> Material provided
----------------------------------------
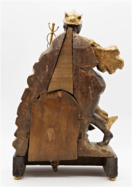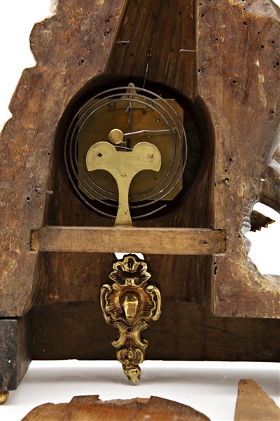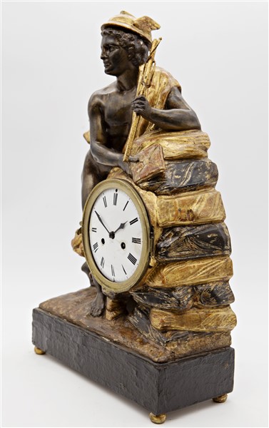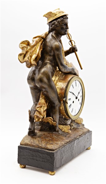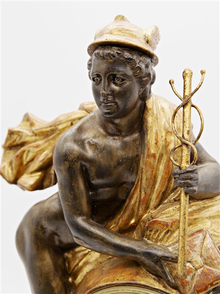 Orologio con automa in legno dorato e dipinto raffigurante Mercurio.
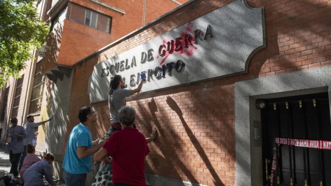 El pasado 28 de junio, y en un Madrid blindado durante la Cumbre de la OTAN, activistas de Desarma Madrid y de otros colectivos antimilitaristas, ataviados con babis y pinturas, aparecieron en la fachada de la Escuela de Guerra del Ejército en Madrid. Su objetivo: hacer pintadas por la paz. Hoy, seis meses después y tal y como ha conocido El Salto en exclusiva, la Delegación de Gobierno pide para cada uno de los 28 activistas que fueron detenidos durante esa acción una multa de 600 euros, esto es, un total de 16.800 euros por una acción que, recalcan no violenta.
----------------------------------------
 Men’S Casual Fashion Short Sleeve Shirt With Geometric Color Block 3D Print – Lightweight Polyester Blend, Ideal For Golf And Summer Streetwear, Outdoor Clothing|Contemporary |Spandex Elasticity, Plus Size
----------------------------------------
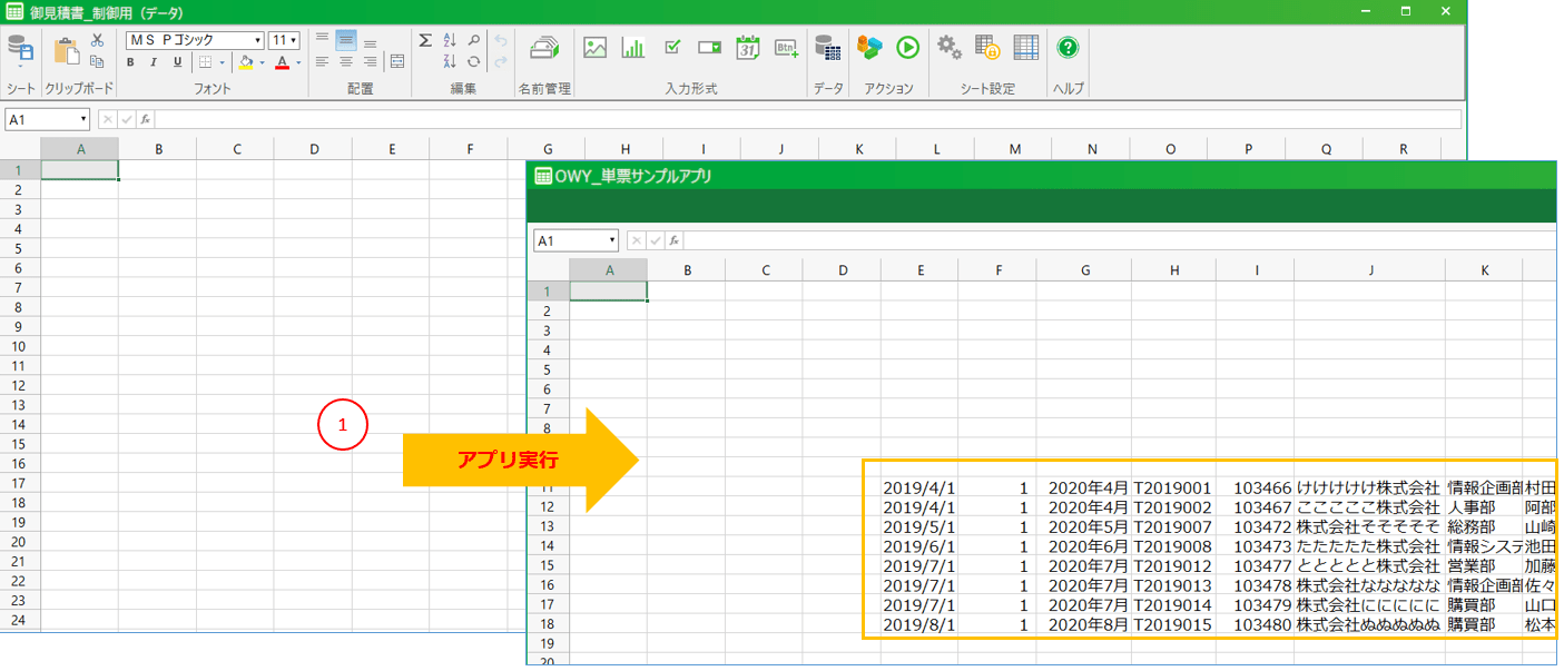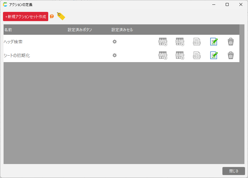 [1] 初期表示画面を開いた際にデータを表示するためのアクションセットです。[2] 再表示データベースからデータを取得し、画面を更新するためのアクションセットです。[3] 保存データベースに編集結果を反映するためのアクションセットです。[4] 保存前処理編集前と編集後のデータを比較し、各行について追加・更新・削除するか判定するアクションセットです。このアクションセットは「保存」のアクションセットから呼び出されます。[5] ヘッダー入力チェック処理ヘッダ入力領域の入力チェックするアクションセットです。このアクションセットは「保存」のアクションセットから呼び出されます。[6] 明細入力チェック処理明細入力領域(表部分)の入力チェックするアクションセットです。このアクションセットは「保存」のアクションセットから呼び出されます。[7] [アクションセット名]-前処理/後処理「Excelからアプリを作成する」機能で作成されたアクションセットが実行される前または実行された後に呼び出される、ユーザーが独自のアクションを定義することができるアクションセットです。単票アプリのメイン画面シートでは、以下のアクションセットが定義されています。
----------------------------------------
> About this task
Starting at the line with "Orologio con automa" in the entries above, write out every line exactly until the line with "El pasado 28" has been written. Include no pictures and nothing more.

> Reply to the task
 Orologio con automa in legno dorato e dipinto raffigurante Mercurio.
 El pasado 28 de junio, y en un Madrid blindado durante la Cumbre de la OTAN, activistas de Desarma Madrid y de otros colectivos antimilitaristas, ataviados con babis y pinturas, aparecieron en la fachada de la Escuela de Guerra del Ejército en Madrid. Su objetivo: hacer pintadas por la paz. Hoy, seis meses después y tal y como ha conocido El Salto en exclusiva, la Delegación de Gobierno pide para cada uno de los 28 activistas que fueron detenidos durante esa acción una multa de 600 euros, esto es, un total de 16.800 euros por una acción que, recalcan no violenta.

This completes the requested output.